Конечно же, я ничего не поняла, но по интонации, а главное, по жесту в сторону бокового отсека, отделенного серой ширмой, сразу догадалась, в чем дело. В тот же момент из-за ширмы появилась стройная блондинка в форме таможенницы и с выражением садистского сладострастия, горевшего в ее ярко-синих глазах. Я беспомощно посмотрела на Бержерака, наблюдавшего за этой немой сценой из-за деревянного барьера и даже с расстояния нескольких метров увидела, как он побледнел.
— Вы собираетесь подвергнуть личному досмотру мою жену? — спросил он таможенника. — В ее состоянии?..
— Да, господин. В аэропорту действует крупная банда контрабандистов, и мы обязаны проверять всех подозрительных…
— Но позвольте! — завопил Бержерак, отчаянно размахивая руками. — Мы приехали в Прагу третьего дня, и никто мою жену недосматривал. Она беременна, ей плохо, неужели вы не видите?!.

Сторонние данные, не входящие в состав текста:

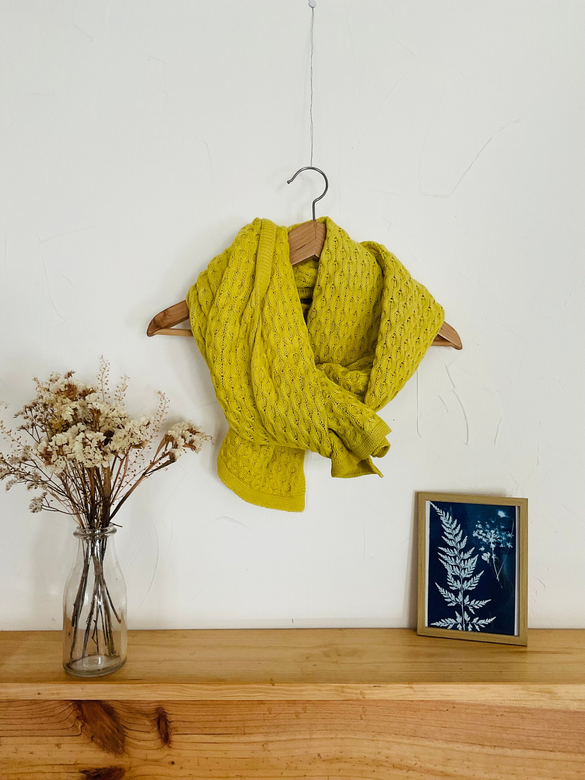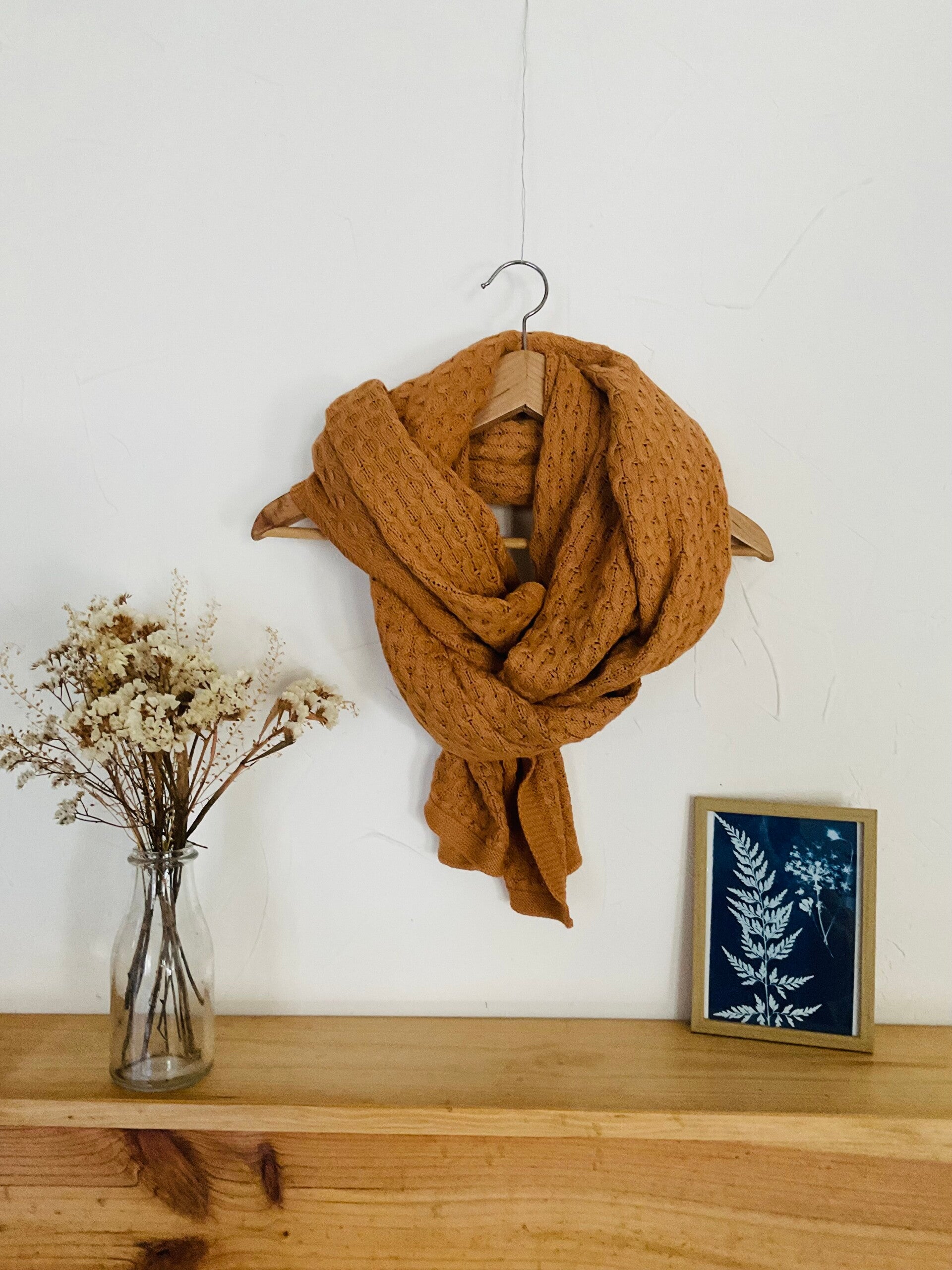 - Echarpe tricotée en nid d'abeille en coton biologique, 180x65 cm, 70€

— Я все вижу, господин Брунмайер, — вежливо улыбнулся таможенник. — Но служба есть служба. Магда! — он повернулся к блондинке. — Поскорее, пожалуйста, через семь минут заканчивается регистрация…
Это был конец. За ширмой эта стерва разденет меня и сразу обнаружит резиново-техническую природу моей восьмимесячной беременности…
Тут произошло нечто совершенно ужасное: мои измотанные сдерживающие центры вдруг неожиданно и резко отказали, мочевой пузырь пронзил решающий спазм, и я почувствовала, как обжигающая жидкость сначала потихоньку, а затем все обильнее и обильнее стекает по моим колготкам, льется в туфли и на пол, образуя вокруг моих ног прогрессирующую лужицу. Упустив первый позыв, я уже не контролировала ситуацию и мочилась на глазах у респектабельных пассажиров венского рейса, как пятилетняя девочка, поставленная в угол. Это было настолько ужасно и постыдно, что я забыла обо всем на свете и стояла с закрытыми глазами, обливаясь потом и мочой…
Между тем синеглазая Магда, видя, что я стою как вкопанная, сделала два энергичных шага ко мне и… По-видимому, ее остановил запах. Тонкое лицо потенциальной наркоманки искривила брезгливая гримаса.
— В чем дело? — таможенник за ее спиной недоуменно вскинул голову.
— Она обмочилась, — скривив тонкие губы, сообщила Магда.
— От страха?
— Она беременна, Руди, — терпеливо пояснила Магда. — В этом состоянии мочевой пузырь может запросто отказать. Что и произошло.
— Ее надо досмотреть, Магда…
— Только после того, как она помоется, переоденется и приведет себя в порядок, — брезгливо процедила синеглазая садистка. — Я офицер таможни, а не акушерка в роддоме.
— Но регистрация уже заканчивается!
— А мне плевать, Руди! Я ее досматривать не буду!
— Вы прекратите наконец издеваться над моей женой?! — взвыл приободрившийся Бержерак. — Я буду жаловаться в посольство!
— Проходите, госпожа, — сквозь зубы выдавил таможенник.
Не видя ничего вокруг и с трудом преодолевая омерзение к собственной персоне, я сделала несколько шагов и очутилась в железных бержераковских объятиях.
— Не трогайте меня! — зашипела я по-французски со всей ненавистью, на какую только была способна. — Где туалет?! Немедленно!..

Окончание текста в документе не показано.